Click Export CSV to download the complete results table, including all stratified breakdowns. The export includes:

  • Target and outcome cohort identifiers and names
  • Person counts, person-time, case counts
  • Rate estimates with confidence intervals
  • Stratification variables and values

The export format is suitable for inclusion in regulatory submissions, study reports, and journal publications.


Best Practices

  1. Set appropriate clean windows: A 365-day clean window is standard for chronic conditions. For acute events (e.g., fracture), a shorter window (90--180 days) may be more appropriate.

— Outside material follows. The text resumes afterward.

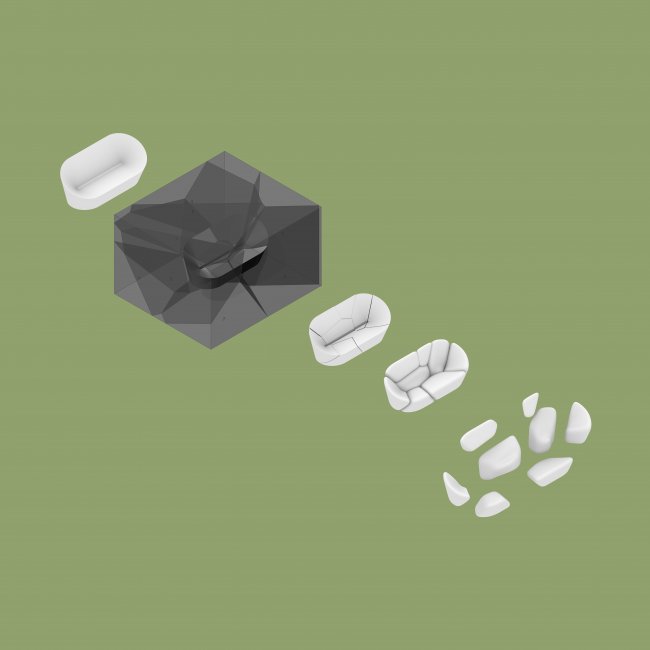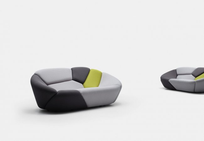 在“算法自然”系列中,杨明洁将几种不同的参数结构应用于软体家具,与传统工艺有所不同的是,沙发体块的生成并非只是表皮的平面切割,而是整体被算法立体切分为大小不一的有机体块,解构后重组。在保留良好人机工学体验的基础上,颠覆了传统沙发的构造与设计语言,一种由算法生成的全新美学与自然形态完美融合,故此系列命名为“算法自然”。

  2. Validate against published rates: Compare your computed rates against published epidemiologic literature. Major discrepancies suggest issues with cohort definition, outcome ascertainment, or data quality.

  3. Always report person-time: Incidence proportions without person-time context can be misleading. A 5% incidence over 1 year is very different from 5% over 10 years.

  4. Use age-gender stratification by default: Age and gender are the strongest predictors of most clinical outcomes. Stratified rates reveal patterns that overall rates mask.

  5. Consider competing risks: In elderly populations, death is a competing risk that prevents outcome observation. Report mortality rates alongside outcome rates when relevant.